Supplied records:
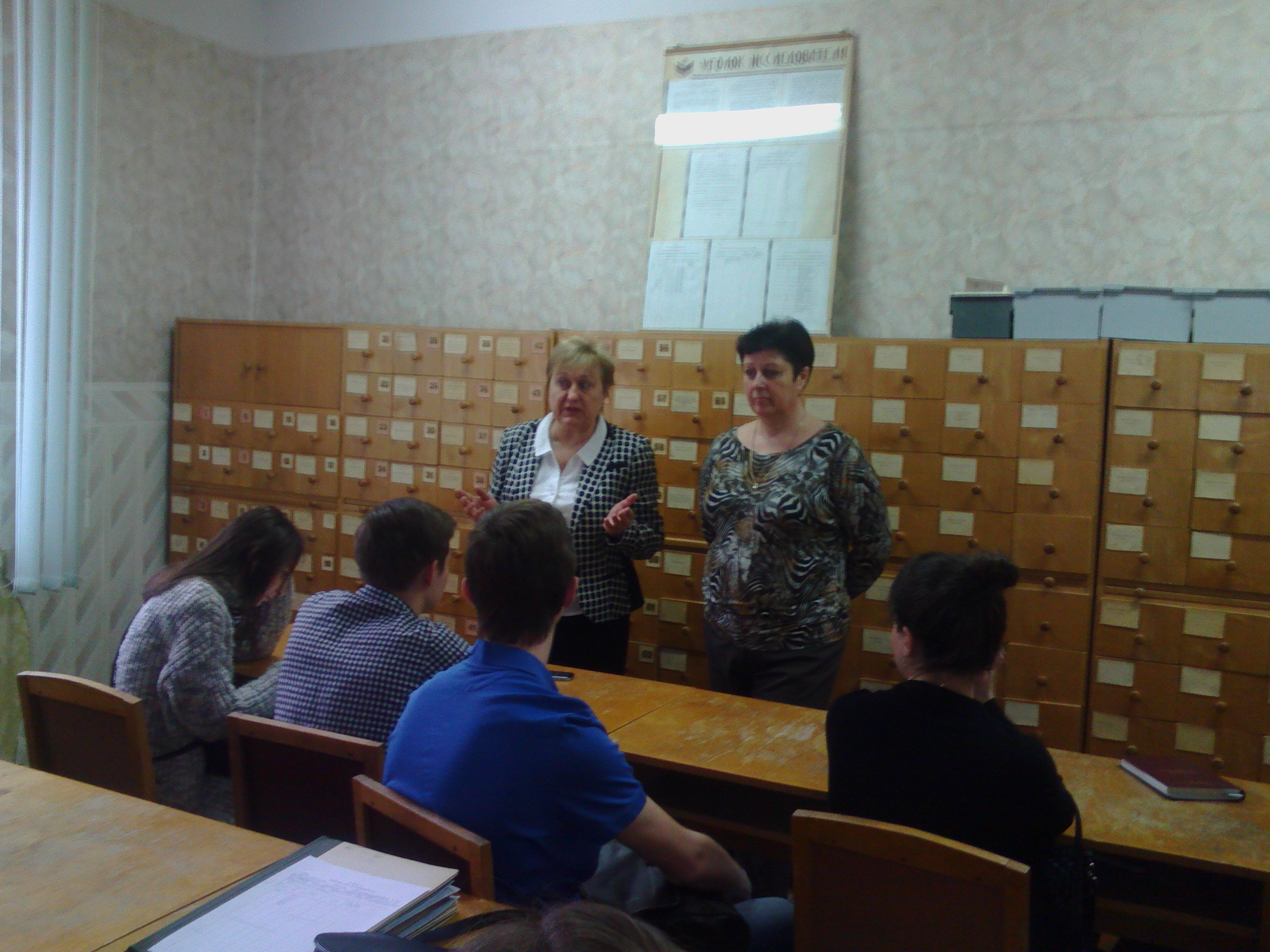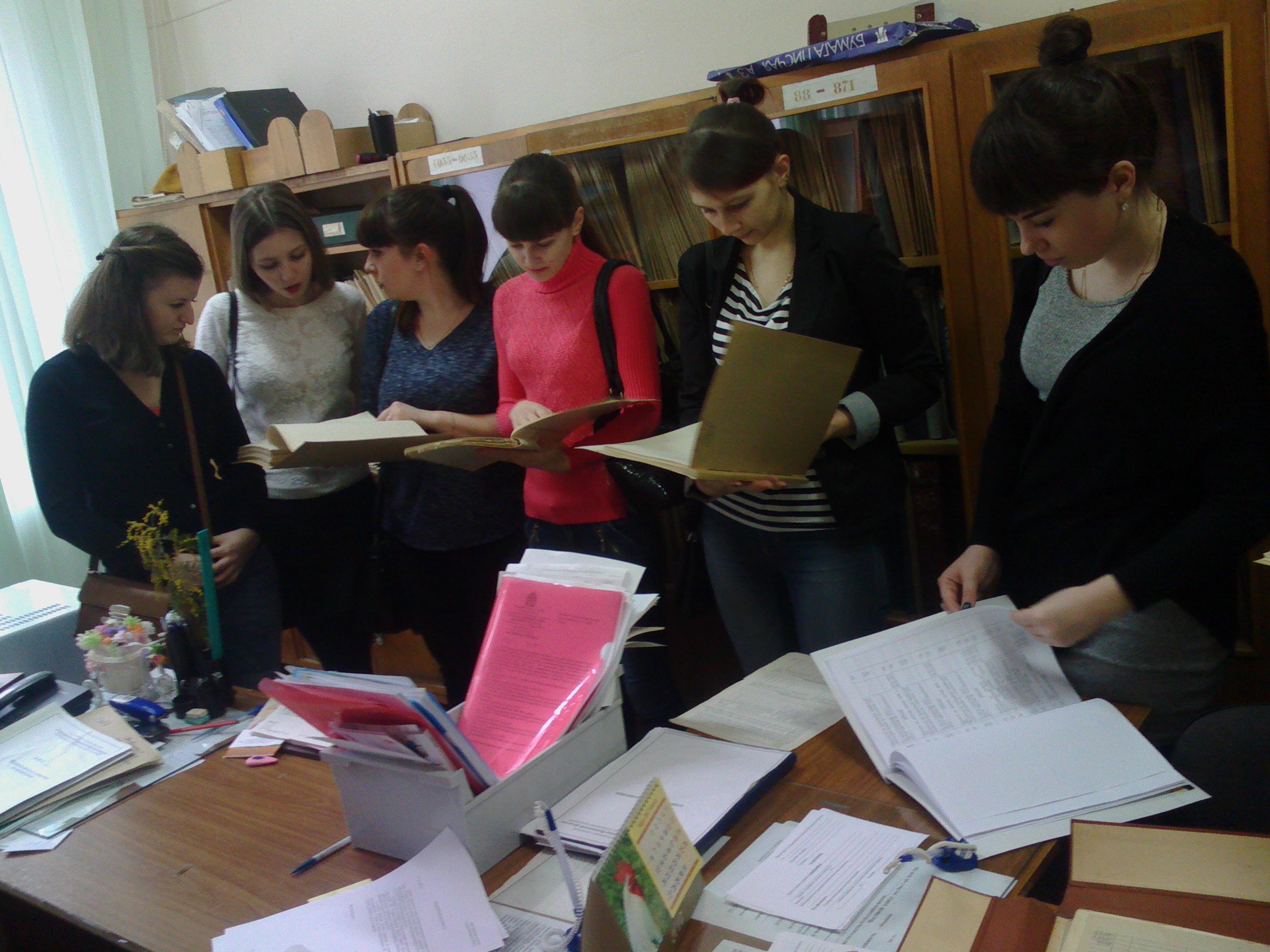 17 марта 2017 г. доцент кафедры ИнОУП Шокорова Н.Н. совместно с начальником отдела государственного архива Пензенской области Вовкотруб О.В. провели занятие по дисциплине «Архив организаций» у студентов группы 13ВД1 образовательного направления 46.02.03 «Документоведение и архивоведение». Занятие прошло в форме экскурсии и тренинга на базе государственного архива Пензенской области. Тема занятия - «Учет документов в архиве организации».
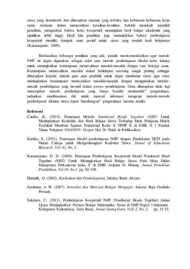 Penerapan Model Pembelajaran Kooperatif Tipe Nht Numbered
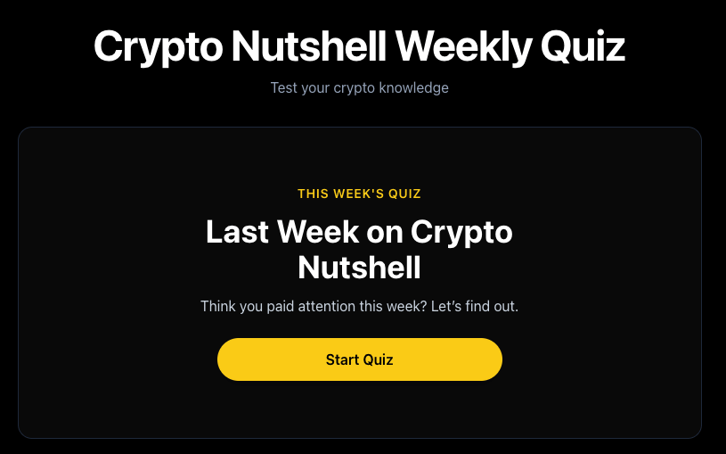 Instead of a single trivia question, you’re getting a 5 question weekly quiz pulled straight from this week’s Crypto Nutshell issues.
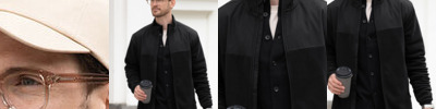 - Self fabric cuffs and banded bottom hem
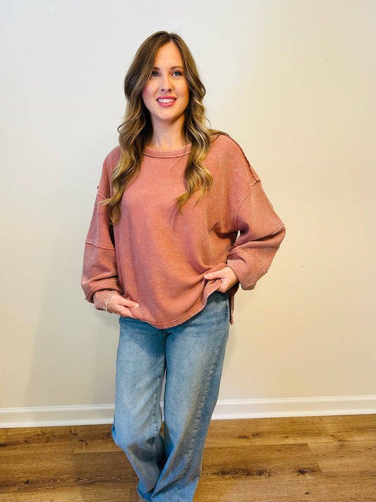Brown Acid Washed Ribbed Pullover
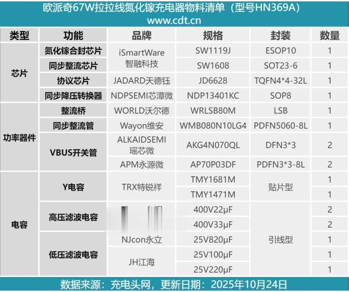 最后附上欧派奇67W拉拉线氮化镓充电器的核心器件清单,方便大家查阅。
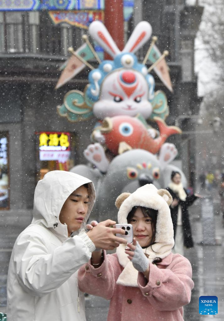 Tourists take photos at the Qianmen pedestrian street amid snowfall in Beijing, capital of China, Dec. 12, 2025. Beijing witnessed its first significant snowfall of this winter season on Friday. (Xinhua/Li Xin)
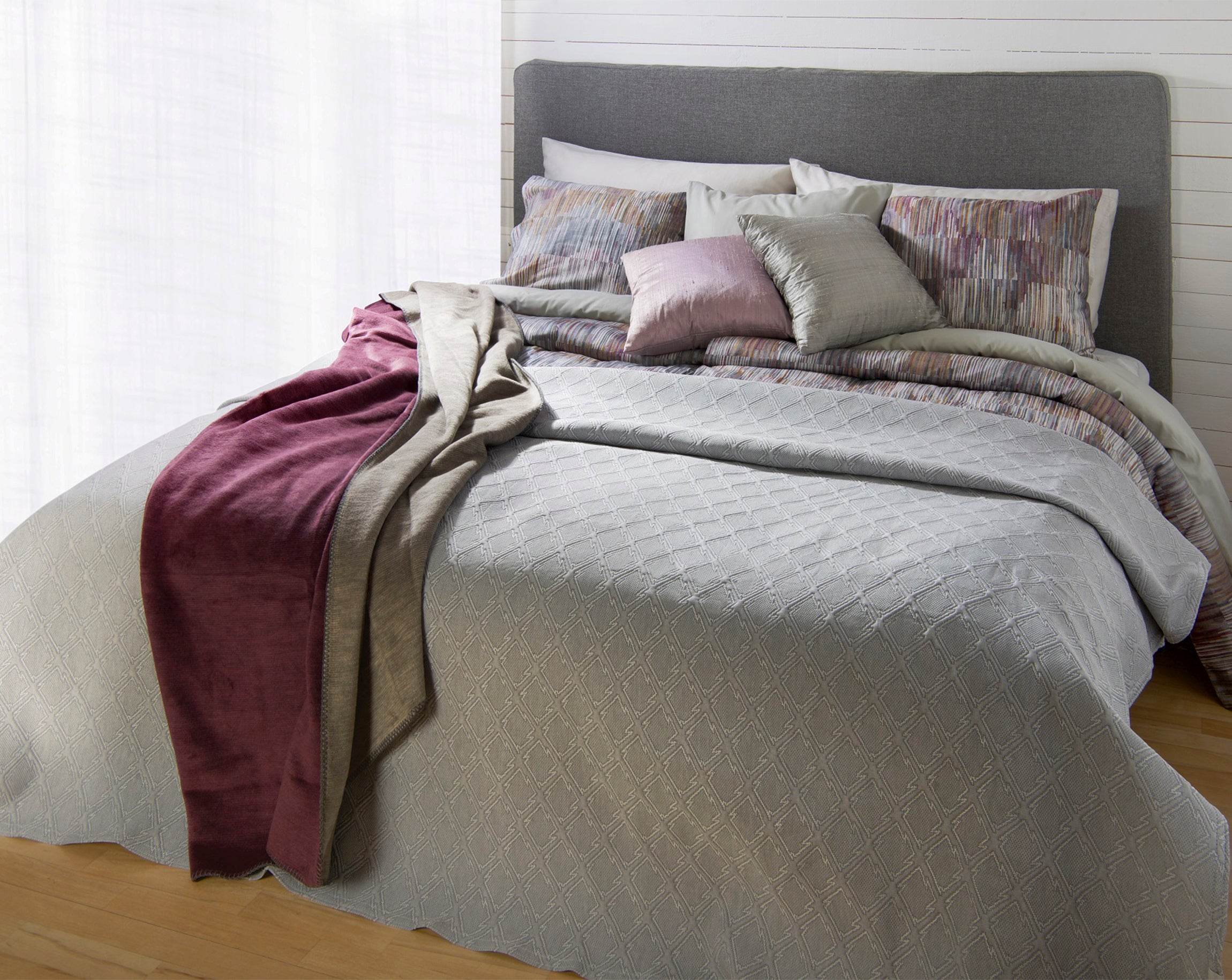 Lovis finns i två nyanser, grå och linnefärg – noggrant utvalda för att smälta in i ett lugnt och stilrent sovrum.
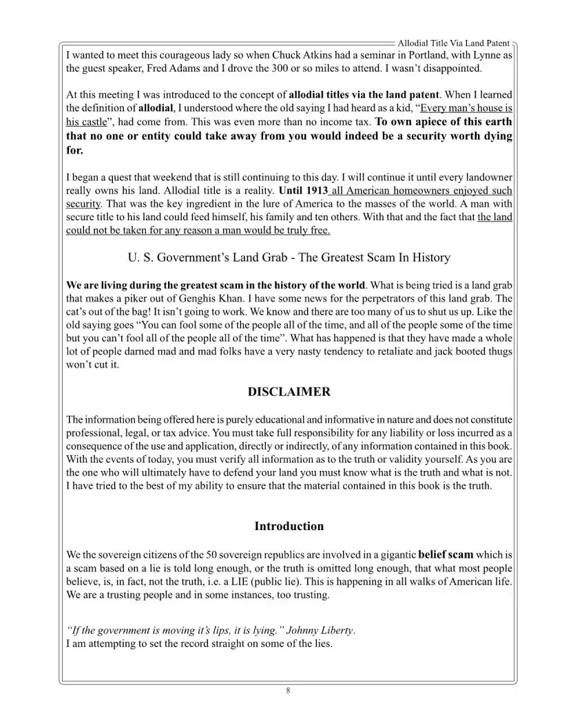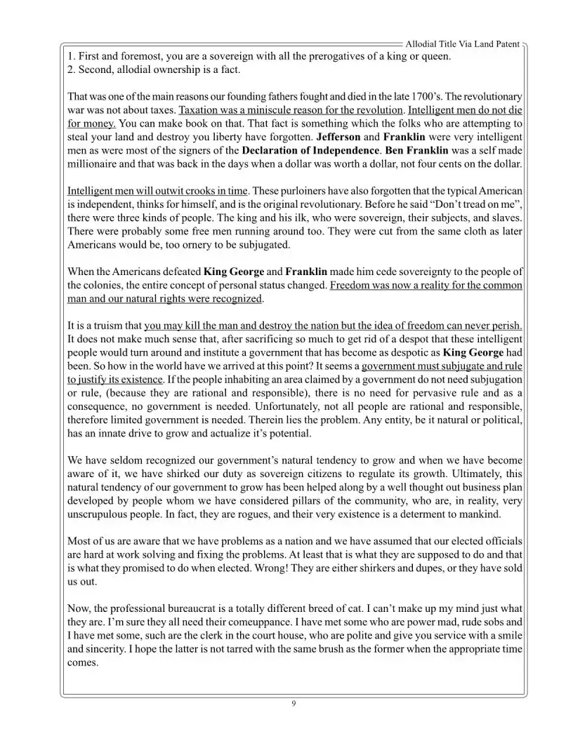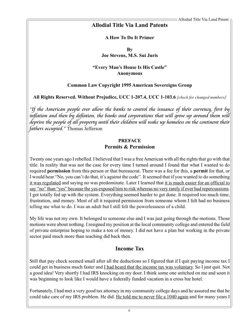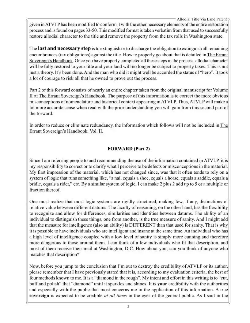 The first step in obtaining an allodial title is to restore your status as a sovereign Elector. This status grants you the authority needed to pursue the remaining actions required for allodial title restoration. Detailed instructions on how to restore your sovereign status can be found in The Errant Sovereign’s Handbook by Augustus Blackstone. Once you have established your sovereign status, you can proceed with the subsequent steps outlined in the Allodial Title Via Land Patent material.

Directions for this task:
The data above holds the lines to copy: start at the one with "Instead of a", stop at the one with "Tourists take photos", include both, copy them exactly without pictures, and copy nothing else.

Task response:
 Instead of a single trivia question, you’re getting a 5 question weekly quiz pulled straight from this week’s Crypto Nutshell issues.
 - Self fabric cuffs and banded bottom hem
Brown Acid Washed Ribbed Pullover
 最后附上欧派奇67W拉拉线氮化镓充电器的核心器件清单,方便大家查阅。
 Tourists take photos at the Qianmen pedestrian street amid snowfall in Beijing, capital of China, Dec. 12, 2025. Beijing witnessed its first significant snowfall of this winter season on Friday. (Xinhua/Li Xin)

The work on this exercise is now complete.